FG introduces new interest rate regime for outstanding tax payments



Thursday, May 25, 2017 9:00 AM / Deloitte 

In its renewed bid to minimise tax evasion, deter non-compliance and promote voluntary compliance, the Federal Government of Nigeria has announced a new interest rate regime for unpaid taxes. The Minister of Finance, through a recent communique, directed the Federal Inland Revenue Service (FIRS) to implement a 5% spread on the Central Bank of Nigeria (CBN) Monetary Policy Rate (MPR) for 2017, on the interest rate charged for tax payments not made within the statutory timeframe. 

Consequently, the current practice of applying a flat rate of 15% by FIRS as interest charge on unpaid taxes is expected to cease. With the current CBN official rate of 14%, total interest charge on unpaid taxes will go up to about 19% (i.e. 14% MPR plus a spread of 5%). 

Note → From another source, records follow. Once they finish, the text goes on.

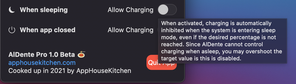Confusion about Pro beta version "Allow Charging" option when sleeping. #160
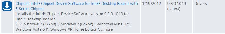 Chipsetdrivers: https://downloadcenter.intel.com/downloads/eula/20821/Chipset-Intel-Chipset-Device-Software-for-Intel-Desktop-Boards-with-5-Series-Chipset?httpDown=http%3A%2F%2Fdownloadmirror.intel.com%2F20821%2Feng%2FINF_allOS_9.3.0.1019.exe
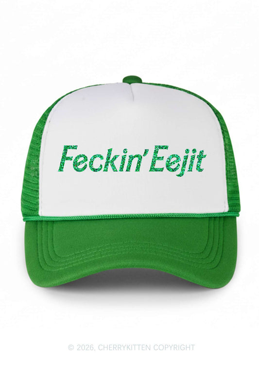 Glitter Feckin Eejit St Patricks Y2K Trucker Hat Cherrykitten

It could be recalled that the FIRS had in 2014 and 2015 issued two separate public notices retaining the interest rate chargeable in default of payment of taxes at 15%. However, this practice was questioned by various stakeholders as to the powers of FIRS to fix interest rates. This defect seems to have been cured with the directive of the Minister, as S. 32(1)(b) of the Federal Inland Revenue Establishment Act (FIRSEA) empowers the Minister to determine the spread to be added to the MPR (official interest rate) issued by the Central Bank of Nigeria (CBN). 

Effective date for implementation of the new interest rate is 1 July 2017. 

We will continue to monitor developments in this space and update you as further facts become available. In the meantime, we advise taxpayers to promptly evaluate potential tax exposure with the aim of closing any identified compliance gap(s) before the implementation date.